The Manufacturing Compliance Specialist I plays a crucial role in ensuring that manufacturing processes adhere to established quality standards and regulatory requirements. This position involves investigating process deviations, proposing and implementing effective Corrective and Preventive Actions (CAPA), and performing on-the-floor batch record reviews. The specialist will monitor and measure the ongoing performance of manufacturing quality systems, ensuring that all operations comply with company policies and regulatory guidelines. In this role, the specialist will determine accurate root causes of deviations and drive investigations to successful resolutions. Building strong interdepartmental relationships is essential, as the specialist will track CAPA and deviation owners to ensure timely completion of actions. The position also requires issuing reports and tracking metrics related to open manufacturing deviations, investigations, excursions, and CAPA. The specialist will keep various quality and efficiency metrics as directed by manufacturing management and facilitate the accurate and timely completion of manufacturing reviews of executed batch records. This includes ensuring that batch records are completed in accordance with company Standard Operating Procedures (SOPs), current Good Manufacturing Practices (cGMPs), and customer specifications.

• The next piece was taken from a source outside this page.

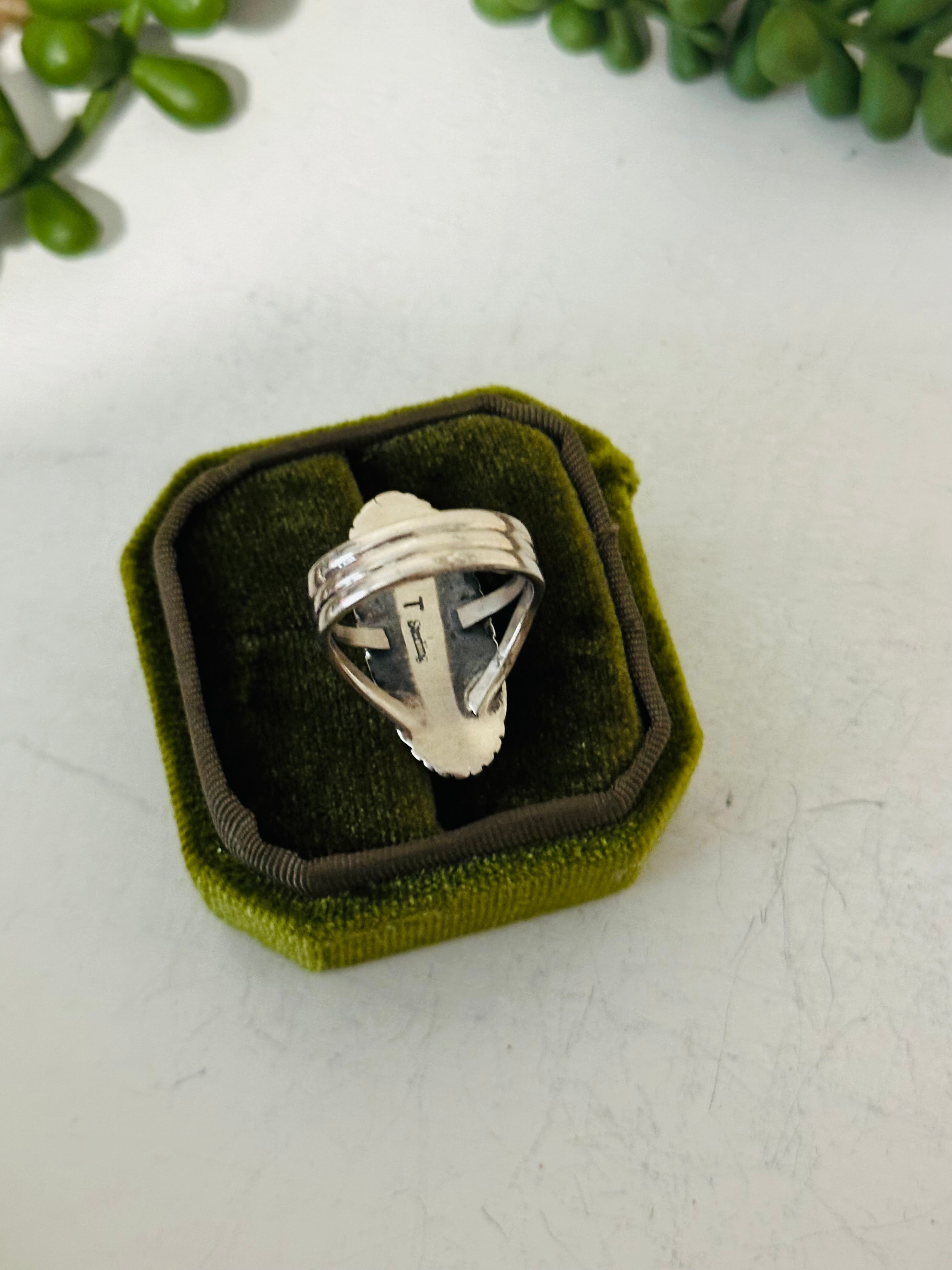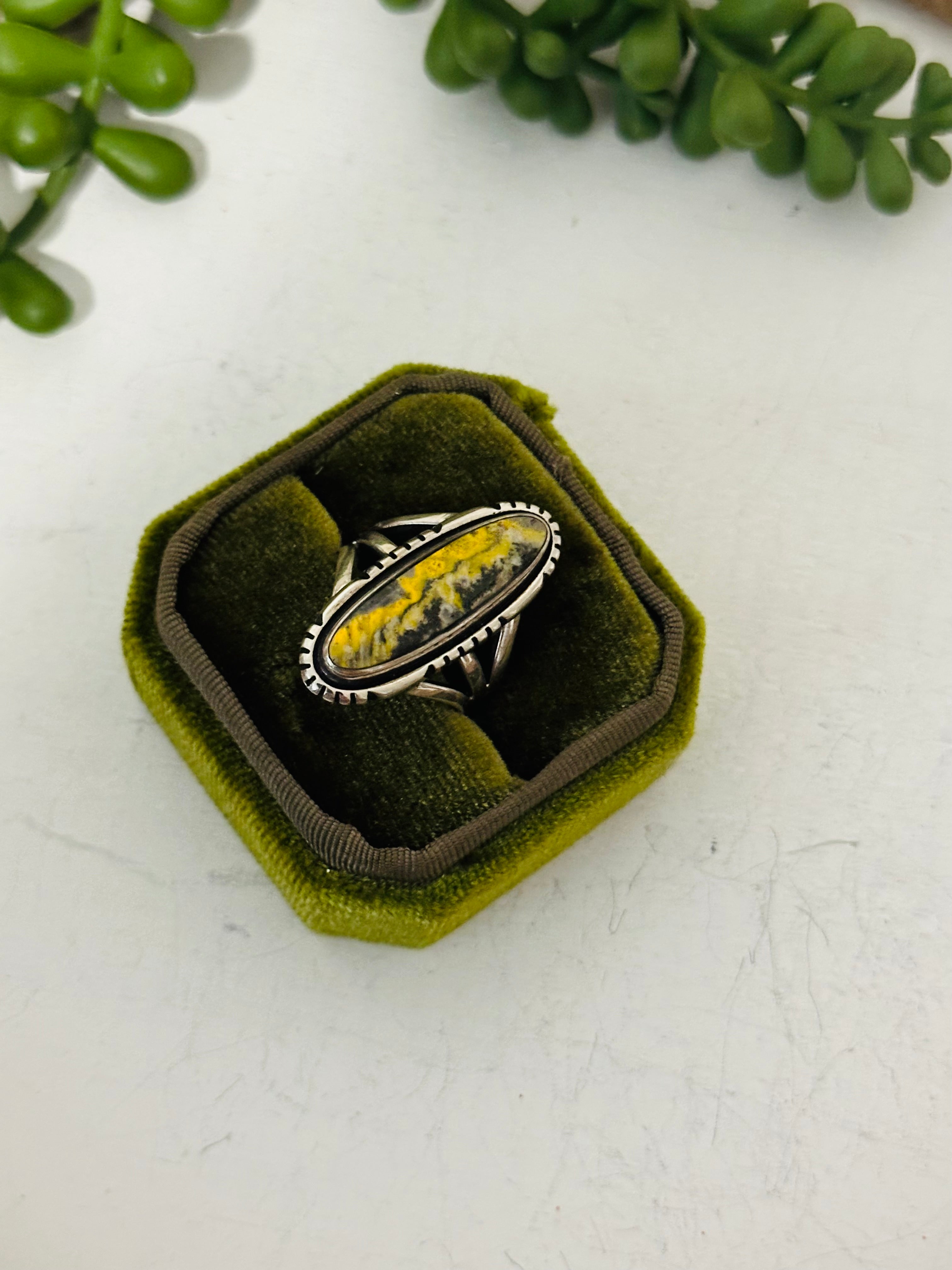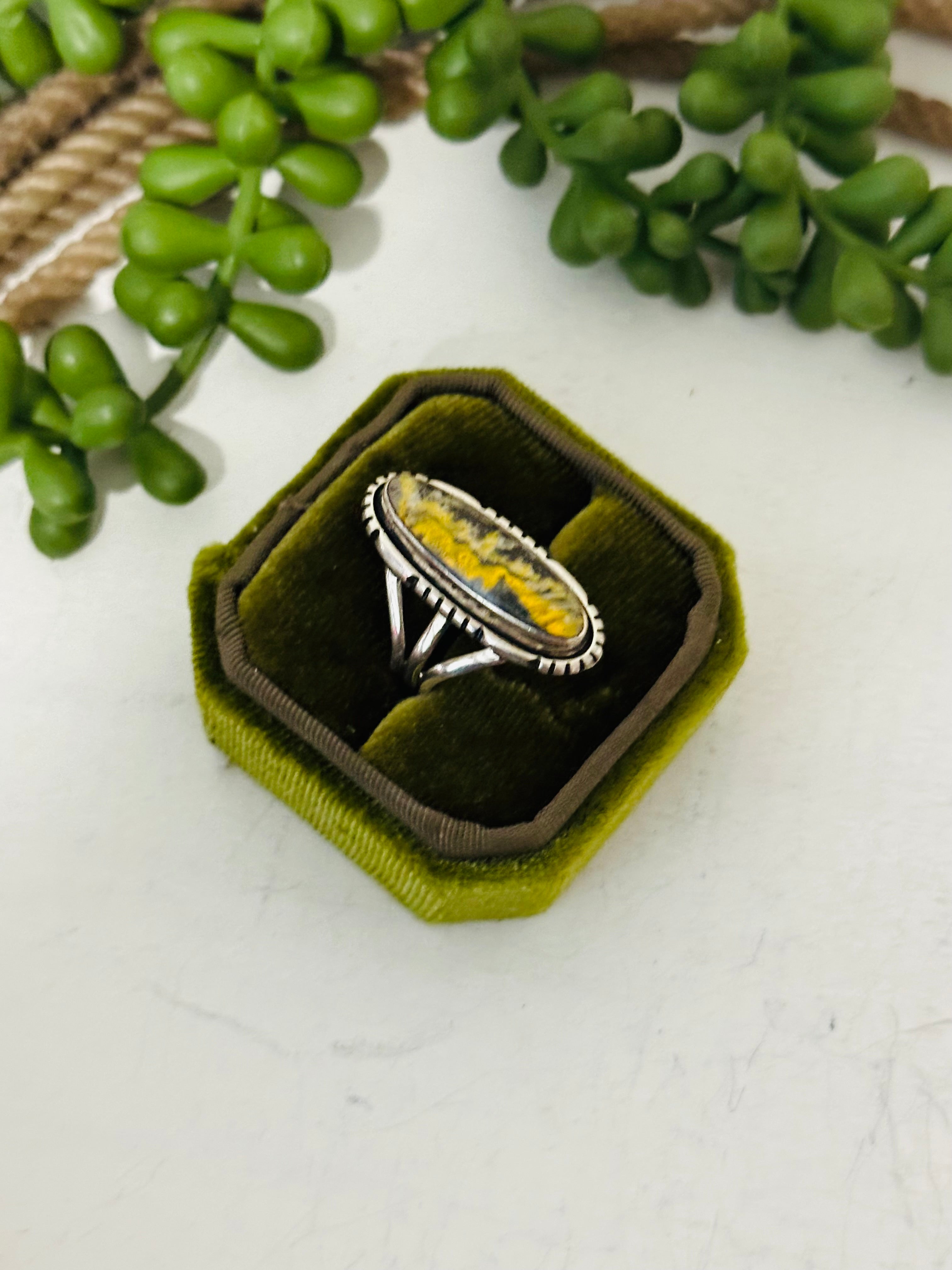 Navajo Made Bumblebee Jasper & Sterling Silver Ring Size 7.75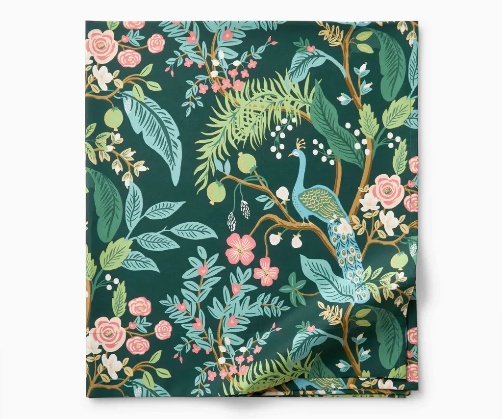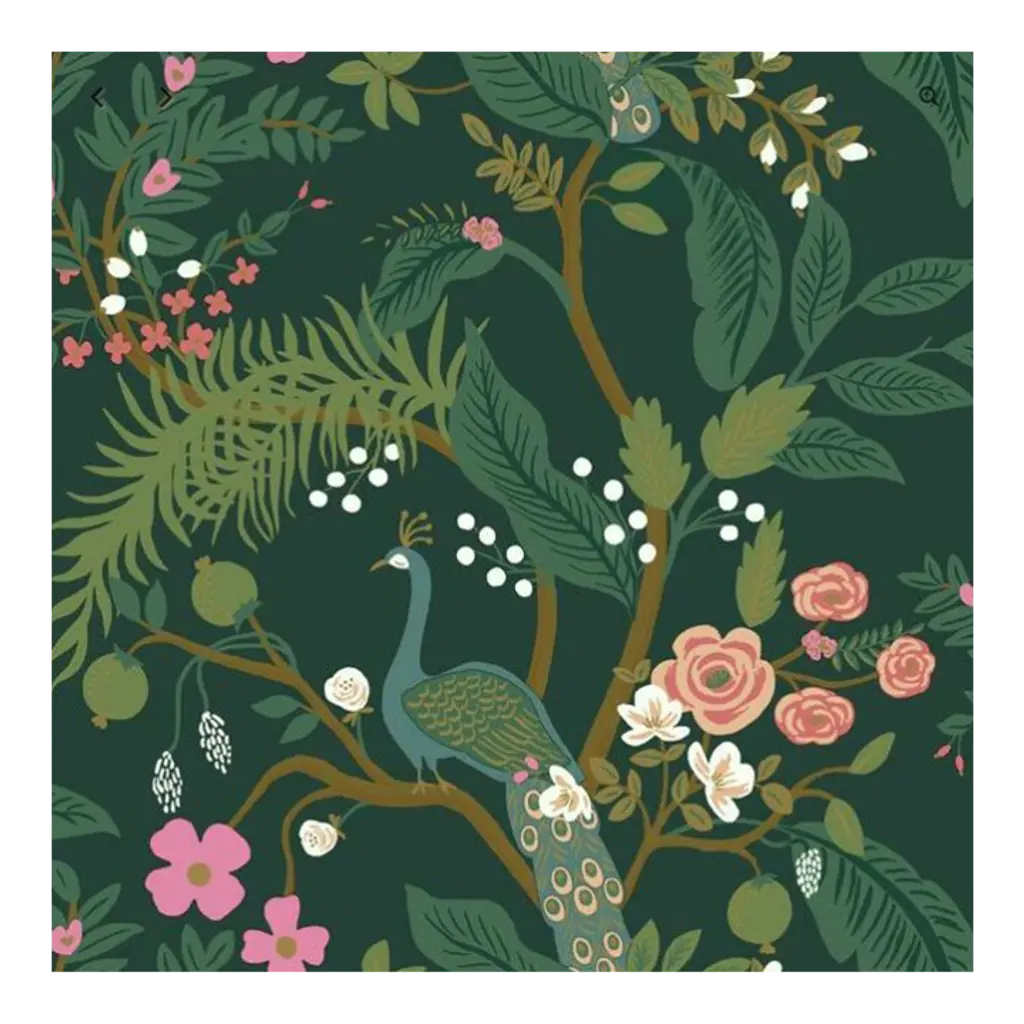 8 × 10" sample of our Peacock wallpaper. Magnificent peacocks perch on winding branches, surrounded by bright blooming flowers and emerald leaves. Inspired by traditional motifs, our modern take is both classic and playful. Please note that wallpaper samples are cut at random, and pattern placement of the sample you receive will not match the photo featured here.

Additionally, the specialist will assist in correcting deficiencies found within the documentation reviewed and facilitate discussions on training adequacy and CAPA effectiveness. The role also encompasses regulatory responsibilities, where the specialist must conduct business in a manner that complies with all state, OSHA, and HIPAA regulations. A detailed understanding of FDA, EU, and other regulatory agency requirements is essential for success in this position.